Here’s what last year’s games looked — and sounded — like:

The U.S. is unmatched when it comes to amphibious assault, a capability the People’s Liberation Army is hellbent on improving, analysts say. The threat of Chinese generals soaking up American military tactics through exercises in Thailand is very real, said Walter Lohman, director of the Asian Studies Center at conservative think-tank The Heritage Foundation in Washington D.C.

“This is something about which we should have serious conversations with our Thai allies,” Lohman said. “The potential transfer of U.S. military doctrine, technology and techniques is a bigger concern for me than any broader geo-strategic issue.”
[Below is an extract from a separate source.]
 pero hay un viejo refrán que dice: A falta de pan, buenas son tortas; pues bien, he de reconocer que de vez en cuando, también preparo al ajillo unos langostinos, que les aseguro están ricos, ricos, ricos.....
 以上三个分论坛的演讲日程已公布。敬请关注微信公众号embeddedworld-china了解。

A Chinese rendition of Cobra Gold would cause “a lot of unhappiness” within the U.S. military, Storey said. “Chinese-Thai relations are definitely getting much better, but previously, they haven’t put this much emphasis on security affairs. “The U.S. could say, down the road, that if you train with China then we won’t sell you American equipment.”
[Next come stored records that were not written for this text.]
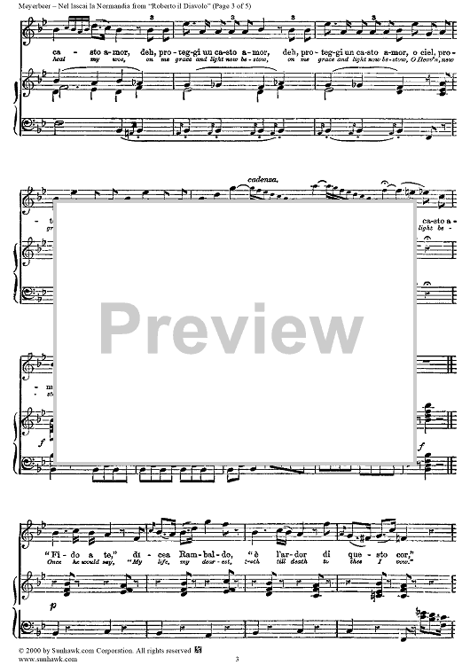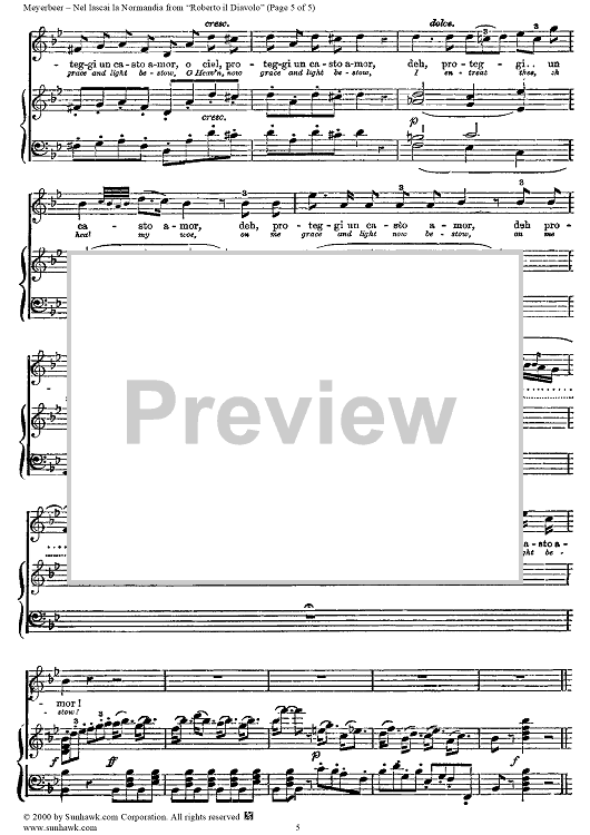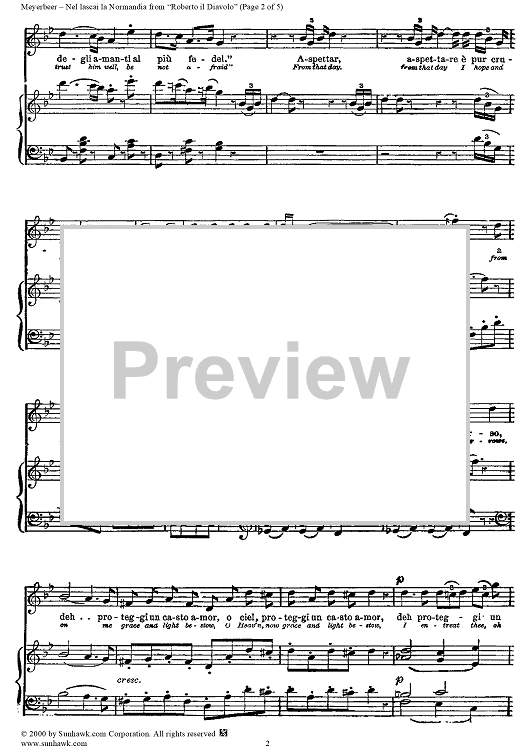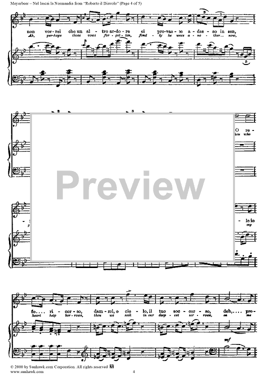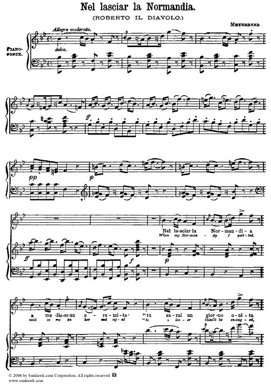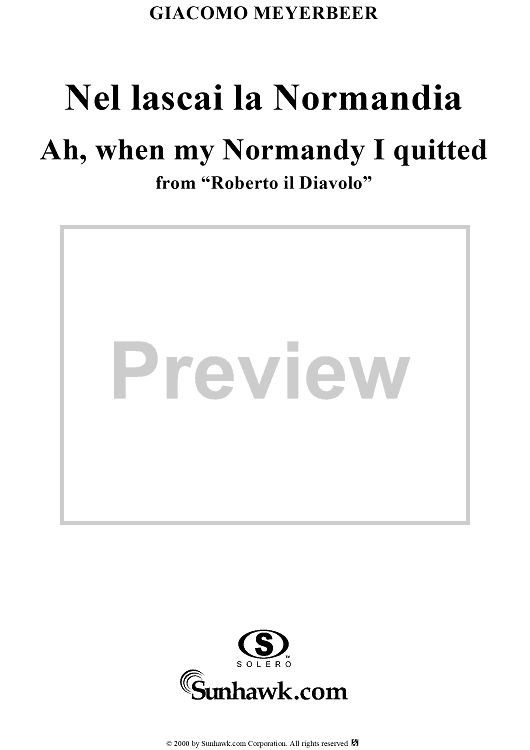 Digital Sheet Music for Nel lascai la Normandia by Giacomo Meyerbeer scored for Voice/Piano; id:254383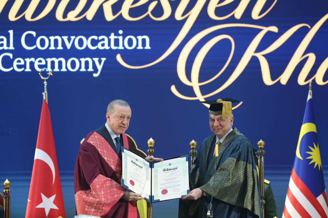 وفي إطار البرنامج، توجه أردوغان إلى مركز بوتراجايا الدولي للمؤتمرات. وقد مُنح أردوغان شهادة الدكتوراه الفخرية هنا. وتم إنشاد النشيدين الوطنيين لتركيا وماليزيا في الحفل.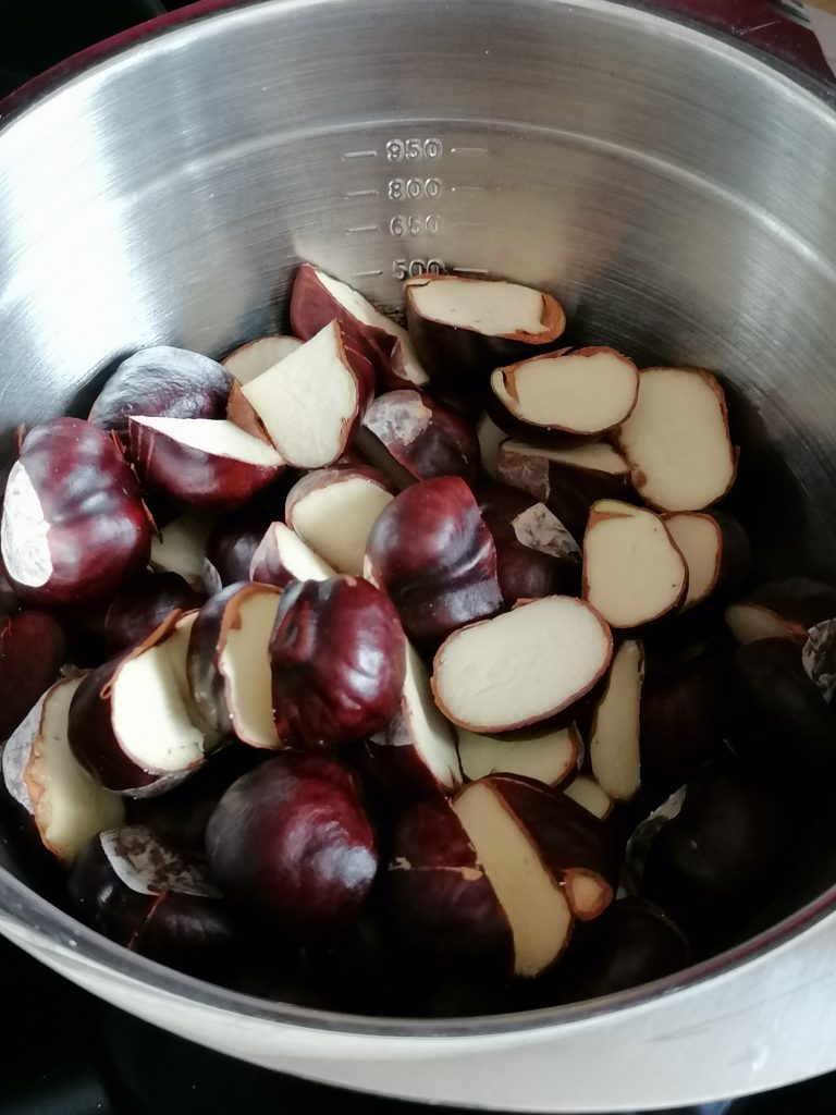 Fülle die Kastanien bis zum Rand in ein Glas und fülle das dann mit Öl (Olivenöl, Mandelöl, nimm was du hast) auf.

Thailand, however, remains highly protective of Cobra Gold and its U.S. friendship, said Surachart Bamrungsuk, a military specialist at Chulalongkorn University who also lectures at Thailand’s military academies.

“Yes, the Sino-Thai relationship is getting better,” Surachart said. “But it’s different than the U.S. relationship and much less about security. We won’t risk losing Cobra Gold. It’s too much of a tradition at this point.”

Despite its ambition, the People’s Liberation Army still lacks the American gear and expertise that Thailand now enjoys, Storey said. He noted that a typical Cobra Gold exercise — summoning 12,000 troops and spanning two weeks — dwarfs the largest China-Thai drill: a 2005 naval operation that ended in less than four hours.

As long as Chinese-Thai exercises remain modest, they’re not “anything to be alarmed about,” Lohman said. “But it’s definitely something the U.S. should keep an eye on.”

The scale of Chinese war games in Thailand will probably increase incrementally, Surachart said, testing American patience one exercise at a time. And when this year’s Chinese-Thai games take to the Gulf of Thailand, the U.S. military will likely receive an invitation — but only to watch.